▶ [EXERCISE DESCRIPTION]
No pictures belong in the copy. Retype exactly, and only, the stretch of lines below from the one with "Para solicitar troca" through the one with "比比赞中式糕点组合多口味合解".

▶ [MATERIAL FOR THIS TASK]
■ ■ ■ ■ ■

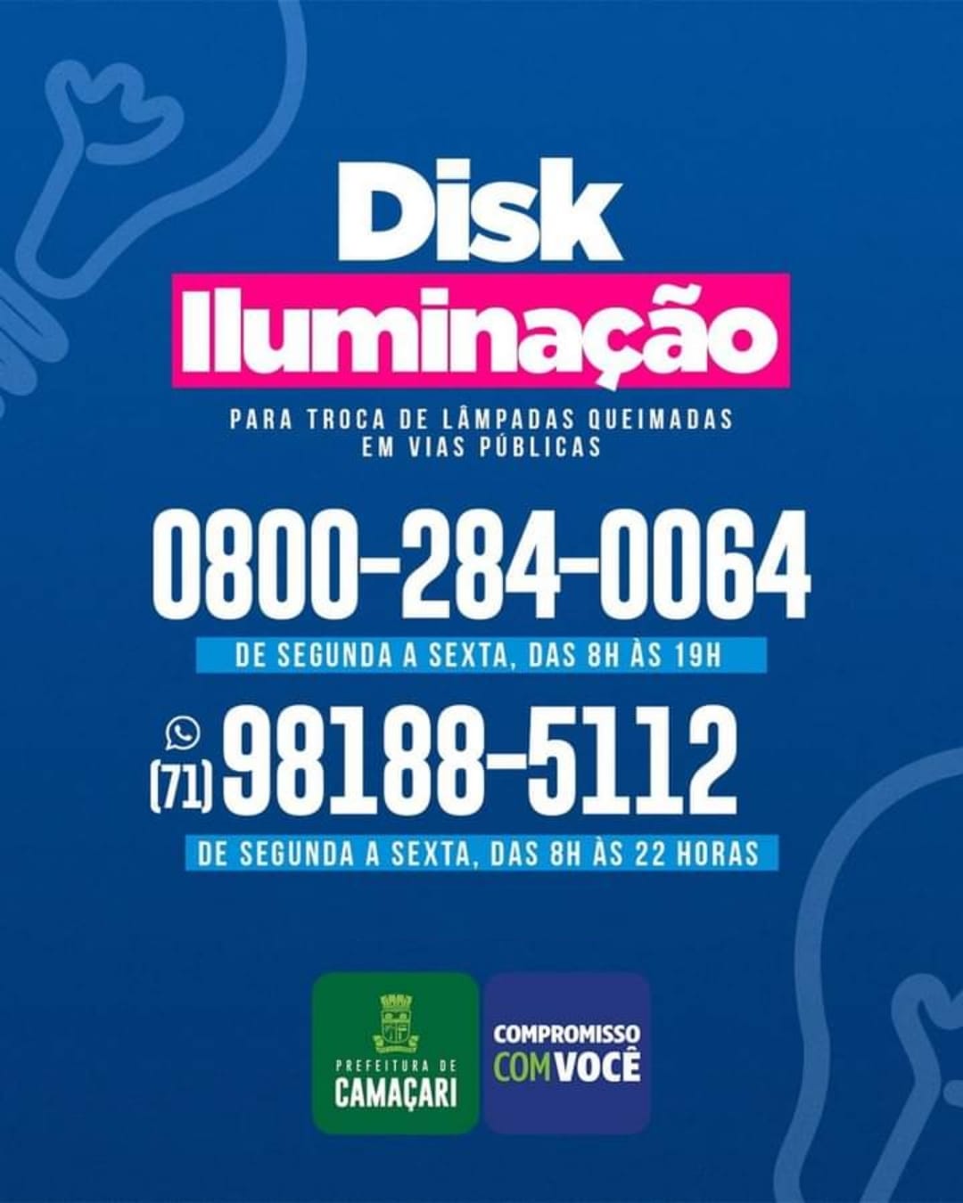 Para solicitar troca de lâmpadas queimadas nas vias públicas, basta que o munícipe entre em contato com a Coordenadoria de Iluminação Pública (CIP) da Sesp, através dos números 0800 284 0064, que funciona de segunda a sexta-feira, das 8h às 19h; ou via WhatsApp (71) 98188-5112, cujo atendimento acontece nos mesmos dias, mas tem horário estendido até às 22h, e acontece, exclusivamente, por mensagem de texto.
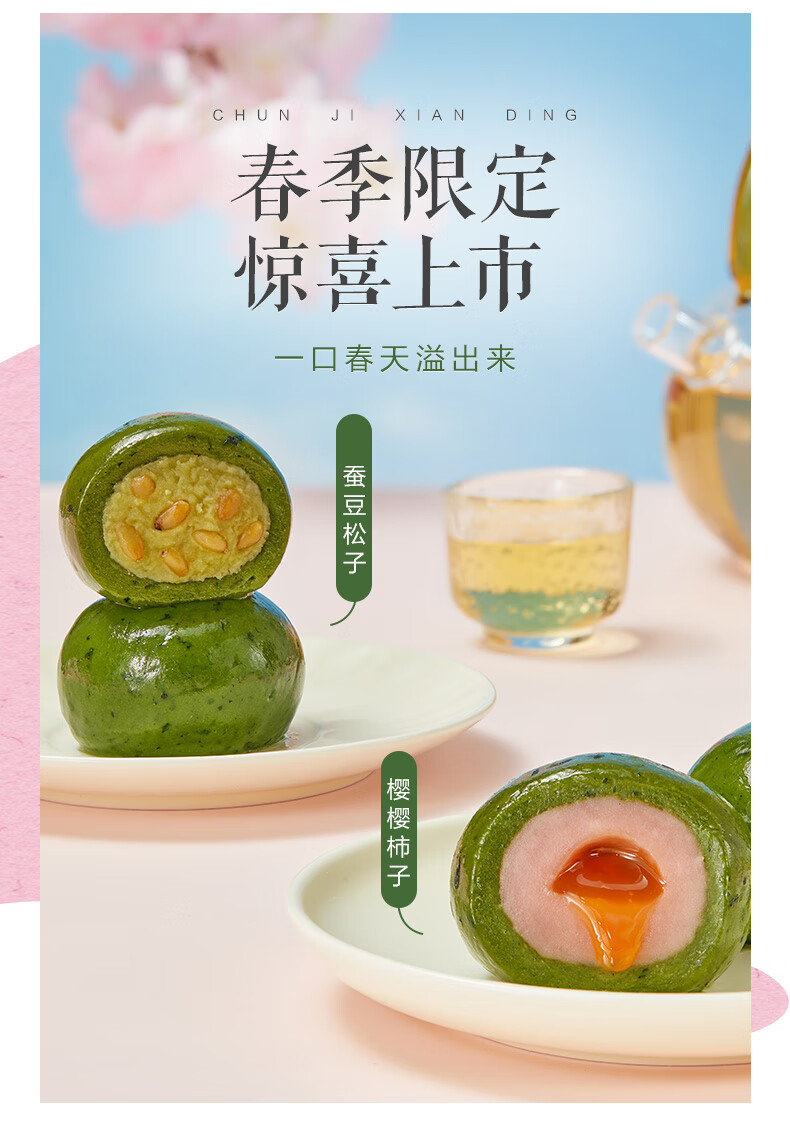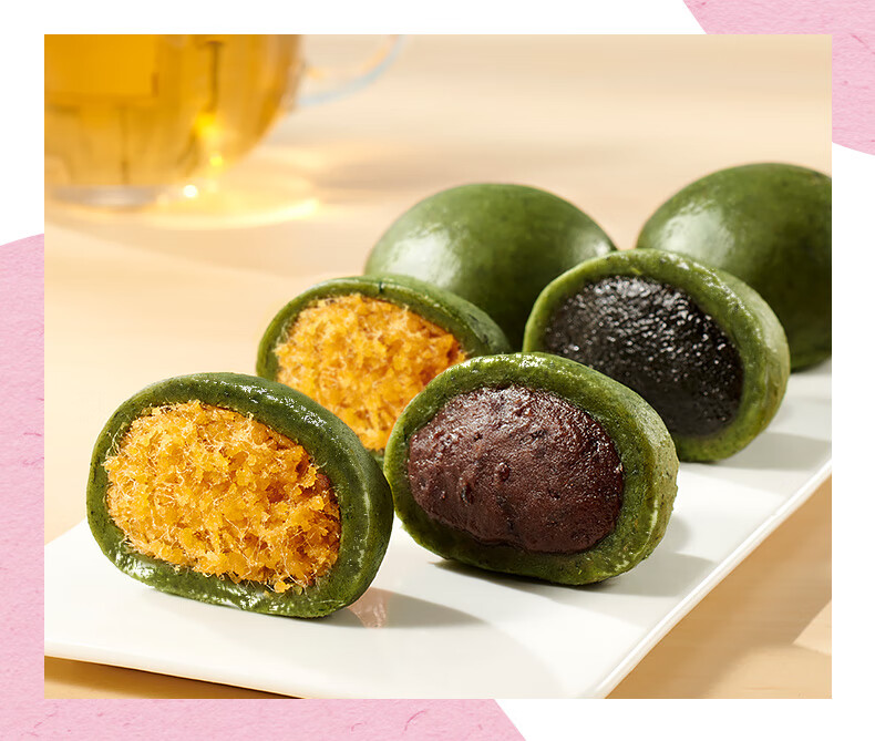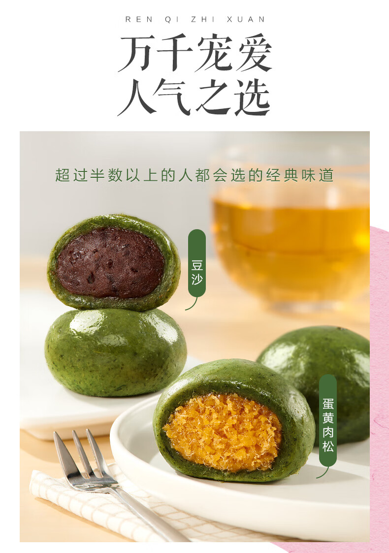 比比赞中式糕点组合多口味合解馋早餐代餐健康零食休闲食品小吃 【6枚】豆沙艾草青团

■ ■ ■ ■ ■

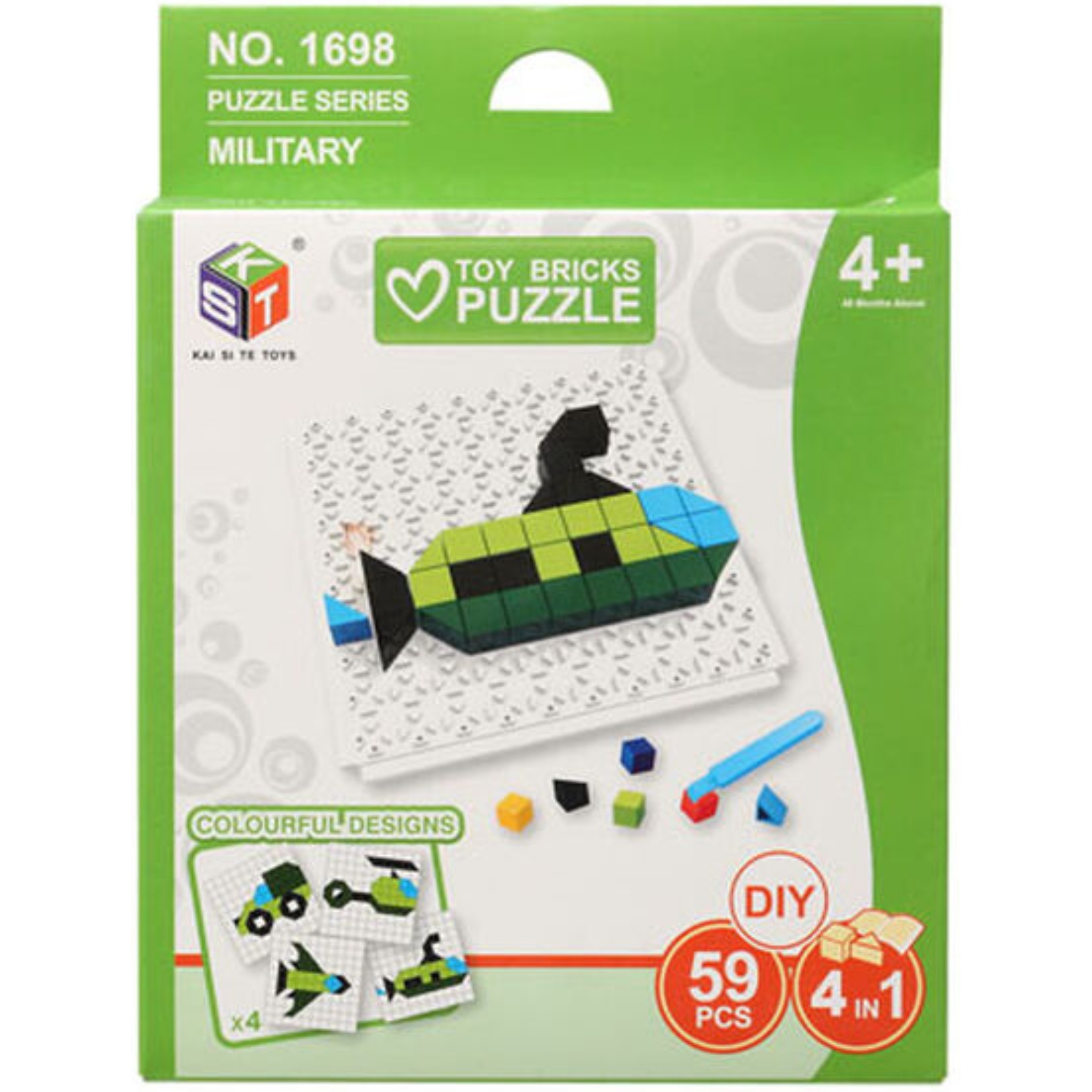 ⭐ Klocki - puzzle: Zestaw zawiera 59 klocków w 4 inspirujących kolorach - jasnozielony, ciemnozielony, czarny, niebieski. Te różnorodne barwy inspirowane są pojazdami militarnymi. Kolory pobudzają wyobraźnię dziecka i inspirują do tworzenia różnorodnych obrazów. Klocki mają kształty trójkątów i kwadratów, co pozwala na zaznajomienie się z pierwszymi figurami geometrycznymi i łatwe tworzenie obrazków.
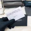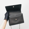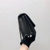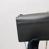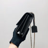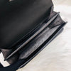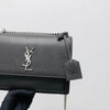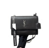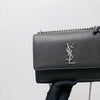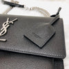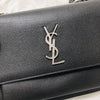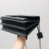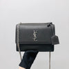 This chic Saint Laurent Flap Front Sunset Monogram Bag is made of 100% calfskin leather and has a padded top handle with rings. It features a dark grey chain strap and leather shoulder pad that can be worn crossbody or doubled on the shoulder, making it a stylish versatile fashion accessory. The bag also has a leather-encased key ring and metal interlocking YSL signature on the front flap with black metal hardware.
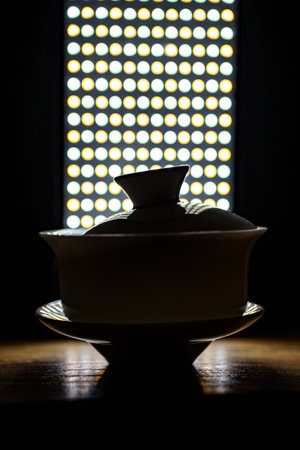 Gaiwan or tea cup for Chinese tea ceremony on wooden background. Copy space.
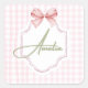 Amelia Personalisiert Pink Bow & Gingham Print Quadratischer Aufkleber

■ ■ ■ ■ ■

▶ [ANSWER AREA]
 Para solicitar troca de lâmpadas queimadas nas vias públicas, basta que o munícipe entre em contato com a Coordenadoria de Iluminação Pública (CIP) da Sesp, através dos números 0800 284 0064, que funciona de segunda a sexta-feira, das 8h às 19h; ou via WhatsApp (71) 98188-5112, cujo atendimento acontece nos mesmos dias, mas tem horário estendido até às 22h, e acontece, exclusivamente, por mensagem de texto.
 比比赞中式糕点组合多口味合解馋早餐代餐健康零食休闲食品小吃 【6枚】豆沙艾草青团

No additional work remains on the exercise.